John Lindsay

Personal information
- Date of birth: 1900
- Place of birth: Cardenden, Scotland
- Position: Left-half/outside left

Senior career*
- Years: Team / Apps / (Gls)
- 1922–1927: Partick Thistle / 15 / (3)
- 1925–1926: → Broxburn United (loan) / 20 / (5)
- 1927–1928: Rhyl Athletic
- 1928–1930: Liverpool / 14 / (2)
- 1930–1931: Swansea Town
- 1931–1932: Rhyl Athletic
- ?: Bangor City
- ?: Lochgelly Amateurs

= John Lindsay (footballer, born 1900) =

Scottish footballer

John Lindsay was a Scottish footballer who played as a left-half and an outside-left, most notably for Liverpool.

==Career==
Lindsay started his senior career with Partick Thistle in 1922. After suffering a serious knee injury, he switched to the Welsh side Rhyl Athletic for the 1927–28 season, and he scored 60 goals for the club.

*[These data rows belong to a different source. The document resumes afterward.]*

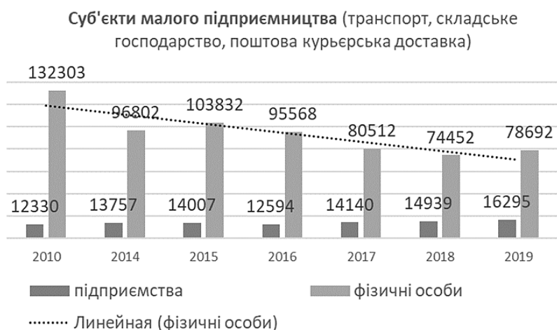
Рис. 2. Кількість суб'єктів малого підприємництва (за видом економічної діяльності)
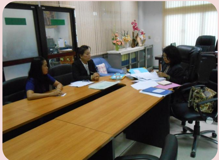
ส่วนบริหารงานทั่วไป
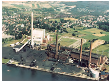
Kraftwerk Farge Block 1 und Altwerk ca.1980, [2]
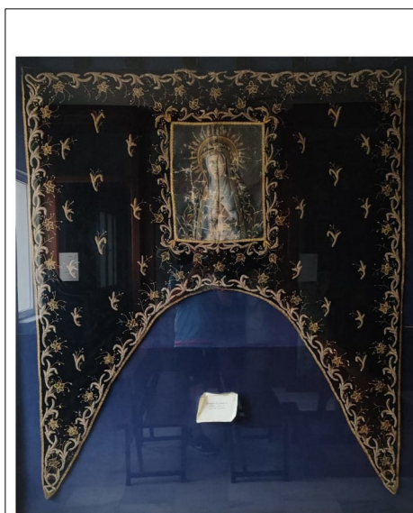
Figura 6: Antiguo estandarte.

En este momento, la tradición de los estandartes se mantiene viva en la hermandad, que porta uno por cada paso en su Estación de Penitencia: uno para el Santísimo Cristo de la Columna, otro abriendo el tramo del Santo Sepulcro y, finalmente, el de la Santísima Virgen, que encabeza el tramo de nazarenos de la Patrona en la Estación de Penitencia. Indagando más, en la zona del museo de la ermita se conserva enmarcado un estandarte con la imagen de la Santísima Virgen, del cual se desconocen tanto su autor como la fecha de su confección. Históricamente, las estrellas bordadas en oro o plata se asocian a la imagen de la Virgen, y hoy las encontramos en los mantos que posee la venerada imagen.
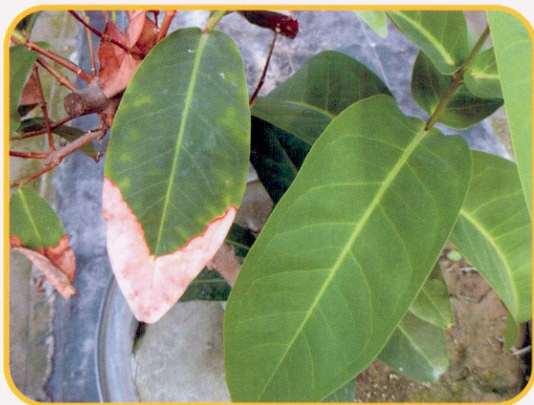
▲ 圖2. 缺鉀時，於成熟葉之葉緣及葉尖出現白、黃或橘色之點或條紋，繼而發生褐變或壞死。
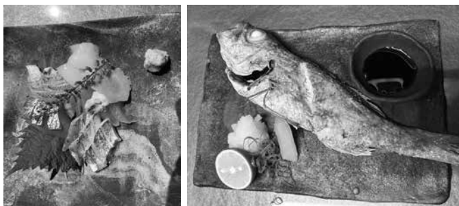
一品一品こだわり抜いた料理を提供します

また、コース料理(4名様から要予約)は、一つ一つ丁寧に作られた、季節を感じていただけるおすすめの内容となっております。
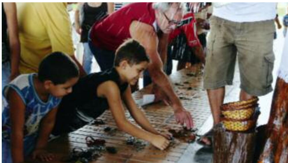
Segnung der Autoschlüssel. Es sieht ein wenig spektakulär aus, doch dahinter steckt die Frömmigkeit vieler Brasilianer, die auf Gottes Hilfe vertrauen.
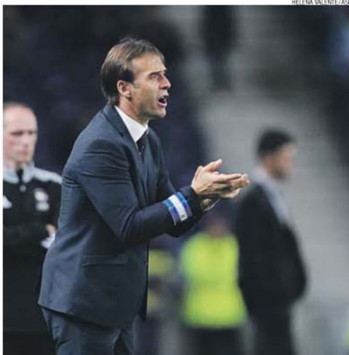
Lopetegui elogiou o ataque mas evitou antecipar o clássico com o Benfica

This brought him to the attention of English First Division side Liverpool, who signed him in April 1928. He made his Liverpool debut on 1 December 1928, starting the match in a 3–0 victory over Derby County. He scored his first goal for the club on 30 January 1929, in a 5–2 FA Cup fourth round replay defeat to Bolton Wanderers. He left the club when his contract expired in January 1930, having made 16 appearances in total for Liverpool. Lindsay then moved back to Wales, where he joined Swansea Town, before moving back to Rhyl Athletic in 1931. He later played in Northern Ireland for Bangor City and in Scotland for Lochgelly Amateurs.